1:25:27 Why are you bored? – if you are bored. Why? Is it that you don't want to face this? Therefore, you say, for goodness sake, I am fed up with this. Talk about something else.
1:25:53 Are you? Is any of you bored with all this? Or are you so concerned that you are watching your hair curling?
1:26:19 To keep sex in its right place, is the art of living.
1:26:30 We said art means to put everything in its right place.
1:26:39 If you put everything in its right place, there is no escape. Even to put escape in its right place.
1:26:55 Of course, I am escaping from the noise of London.
1:27:04 Not escape. I won't use that word escape. It is obvious.

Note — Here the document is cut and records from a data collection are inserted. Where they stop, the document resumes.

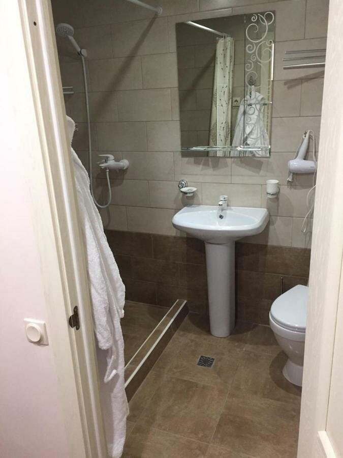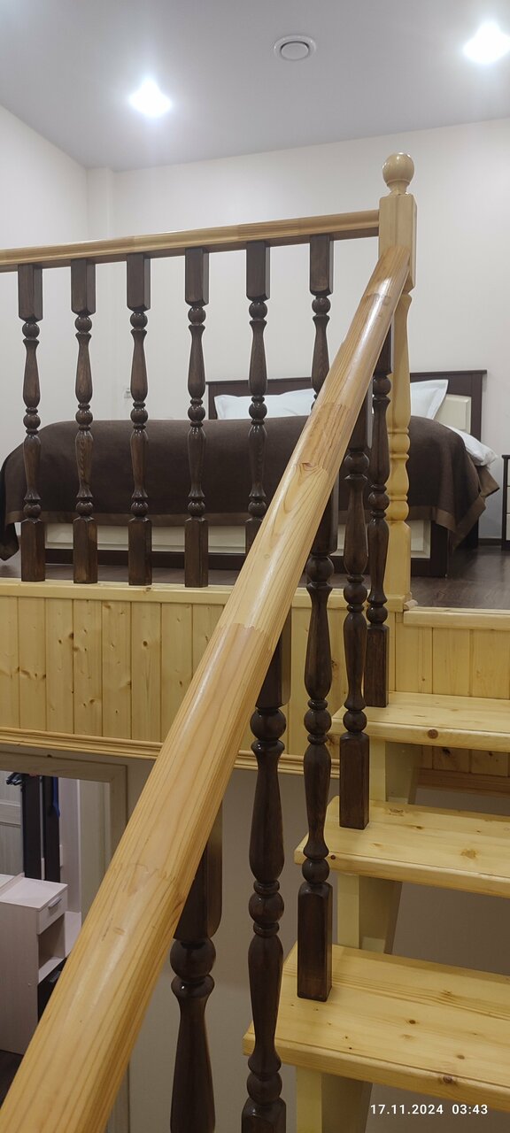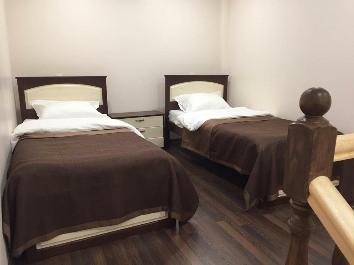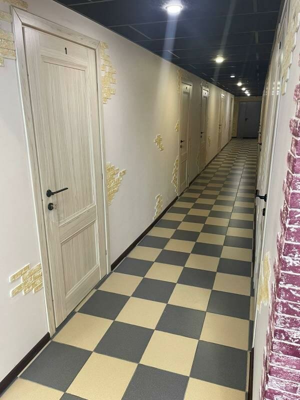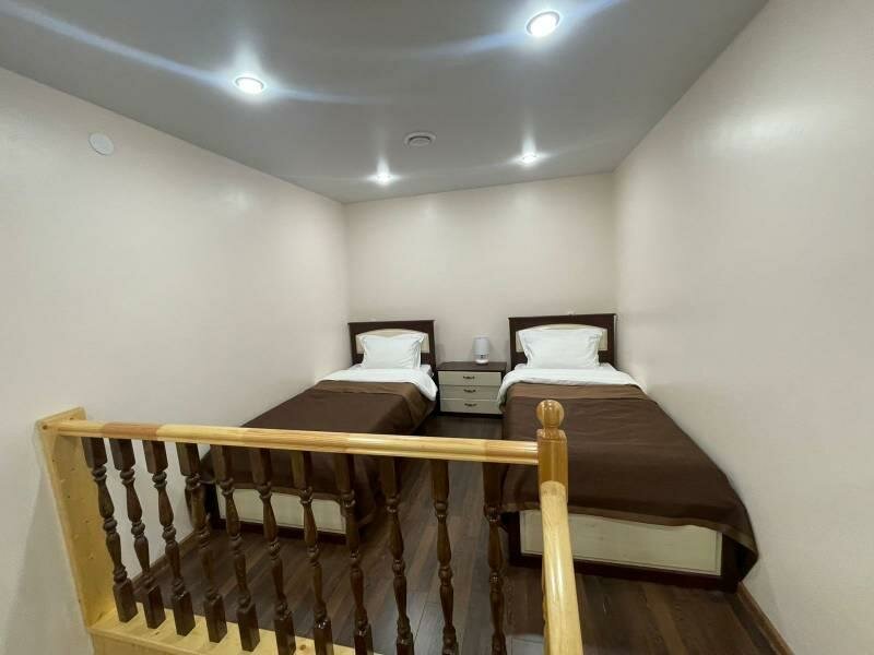 На первый взгляд обычная гостиница, но есть минусы: неприятный запах из санузла, тараканы (одного живого видела, убежал). Из плюсов: второй этаж прям в номере, там кровати, на первом санузел и телевизор с диваном. Есть окно, с балконной дверью, куда можно выйти на улицу прям из номера, хорошо для курящих.
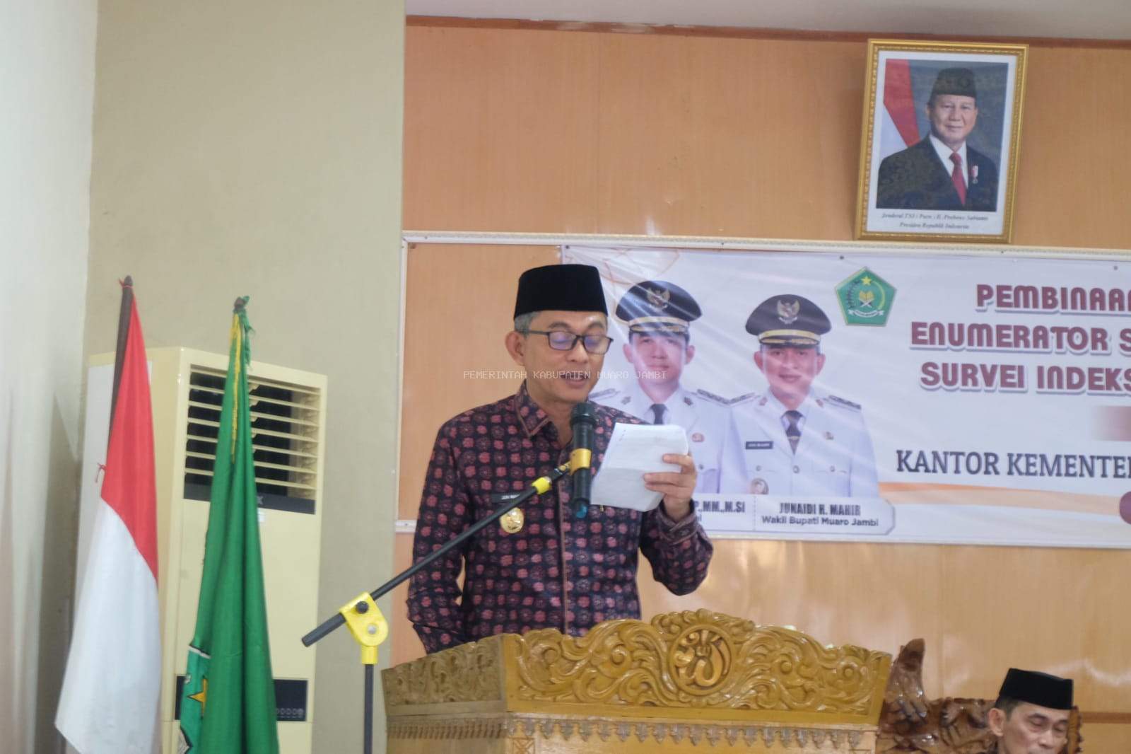 MUARO JAMBI – Wakil Bupati Kabupaten Muaro Jambi Junaidi H. Mahir membuka kegiatan rapat Pembinaan Narahubung dan Calon Enumerator Survei serta Rapat Persiapan Survei Indeks Kerukunan Umat Beragama Tahun 2025.
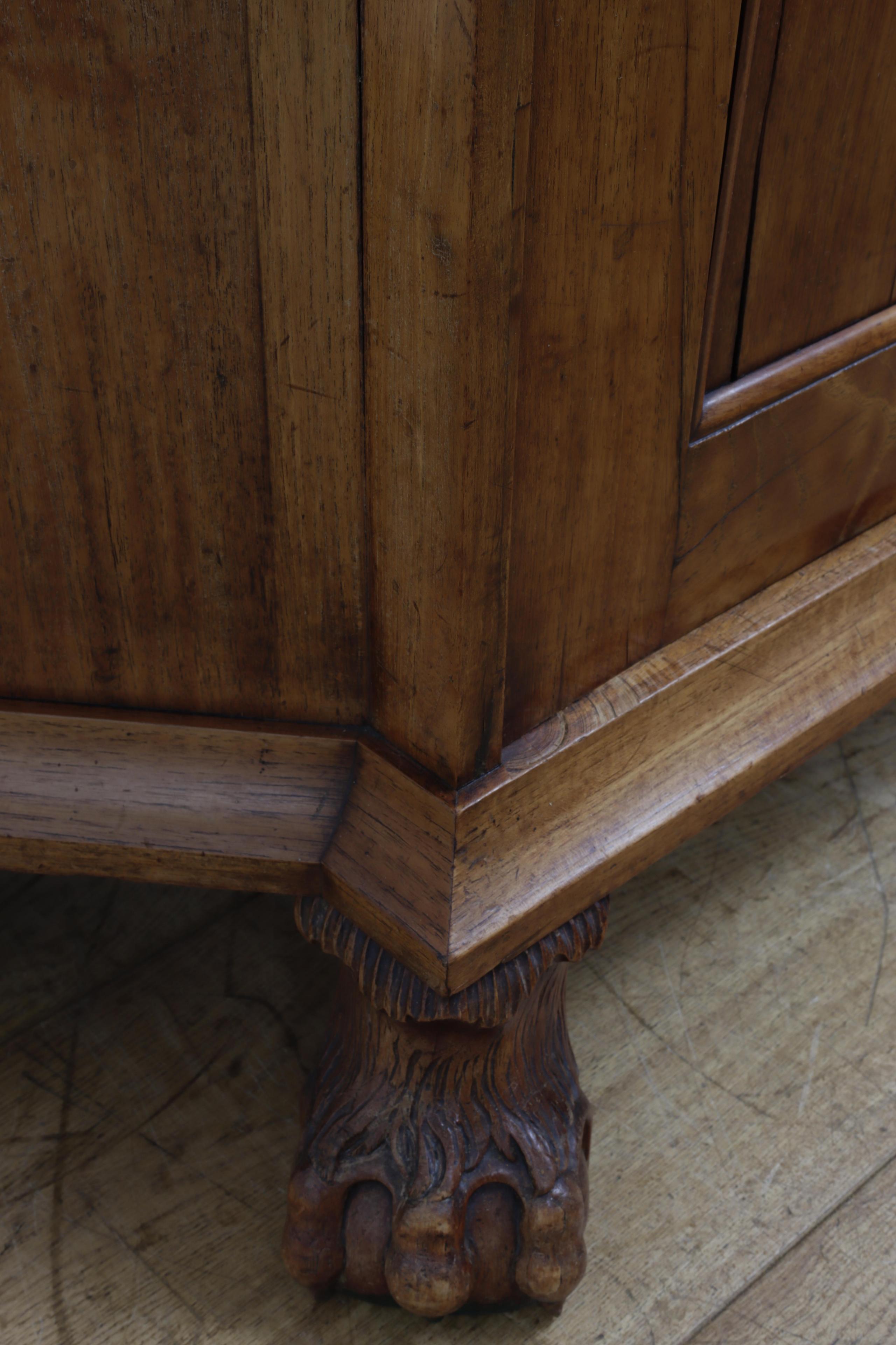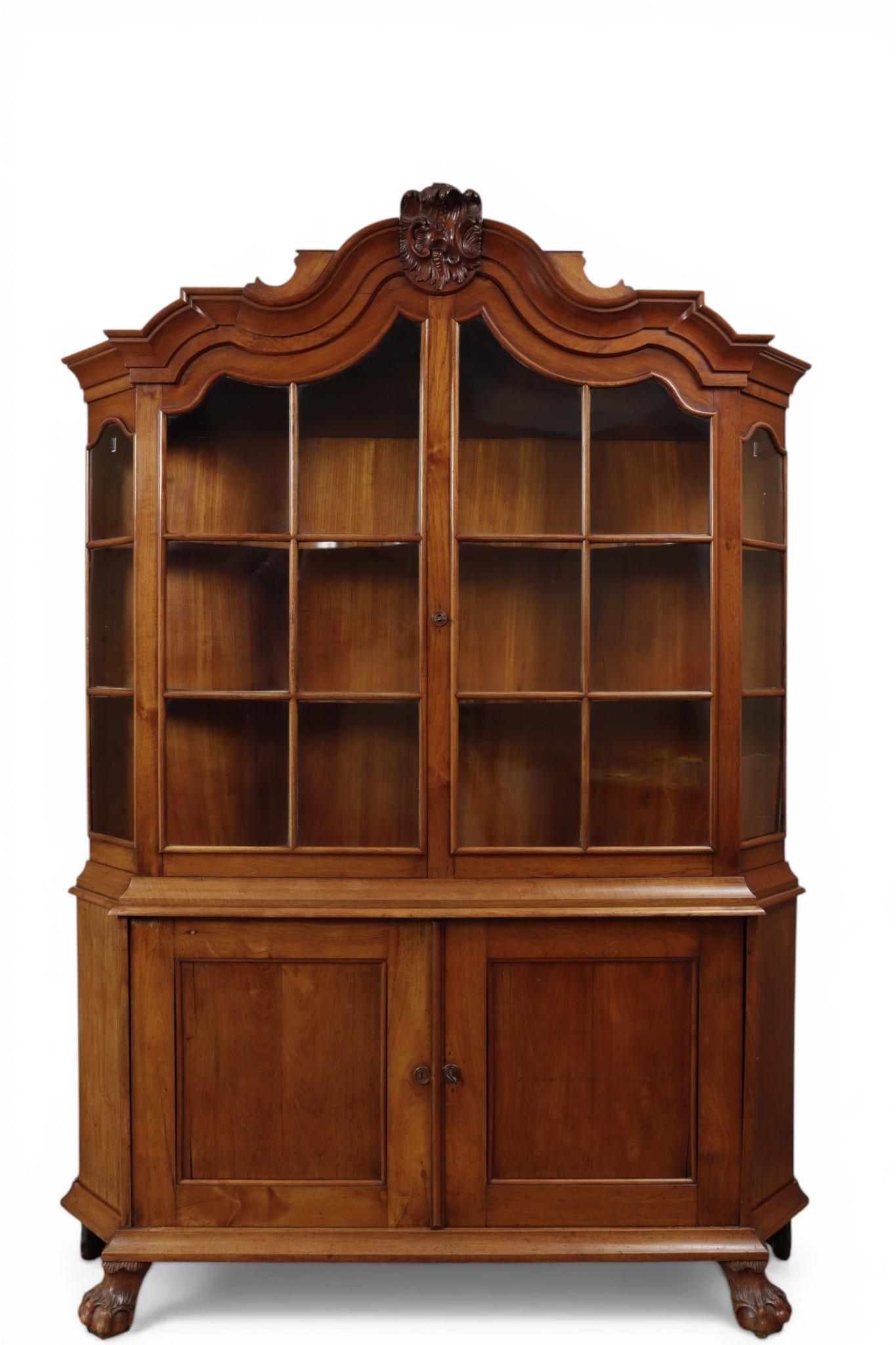 De gebogen kap met snijstuk, waaronder twee deuren met ruiten in vakwerk. De onderkast met twee deuren. Op balklauwpoten

Because, personally, I put everything in its right place, there is no problem.
1:27:30 So, then to give sex its right place, with all the emotion, tenderness, care, affection, if all that is involved in sex, then it has a right place.
1:27:48 But if it is an escape, it becomes colossally important.
1:27:56 Do you see this, at the end of an hour and a half?
1:28:04 Nationalism is an escape, obviously. God is the tremendous escape for mankind.
1:28:26 So, can we find out reasonably, logically, sanely and healthily, to put everything in its right place?
1:28:41 And you can do that only if you are able to observe without any distortion.
1:28:48 To observe your sex, your demand for pleasure, everything, to look at it without any bias, without any prejudice, without any direction, like a good scientist that observes.
1:29:11 So, we are going to observe ourselves, which, because we are so confused, because we are so uncertain, because we are in great conflict or misery, whatever it is we are – and from that we are escaping through that one channel – in order not to give it tremendous importance, I must understand the whole nature of my confusion.
1:29:44 That is clear, isn't it, now? We had better stop, it is one o'clock. So shall we, next time we meet, go into that?
1:30:03 Bene? We had better stop, don't you think? Are you all hungry? All right.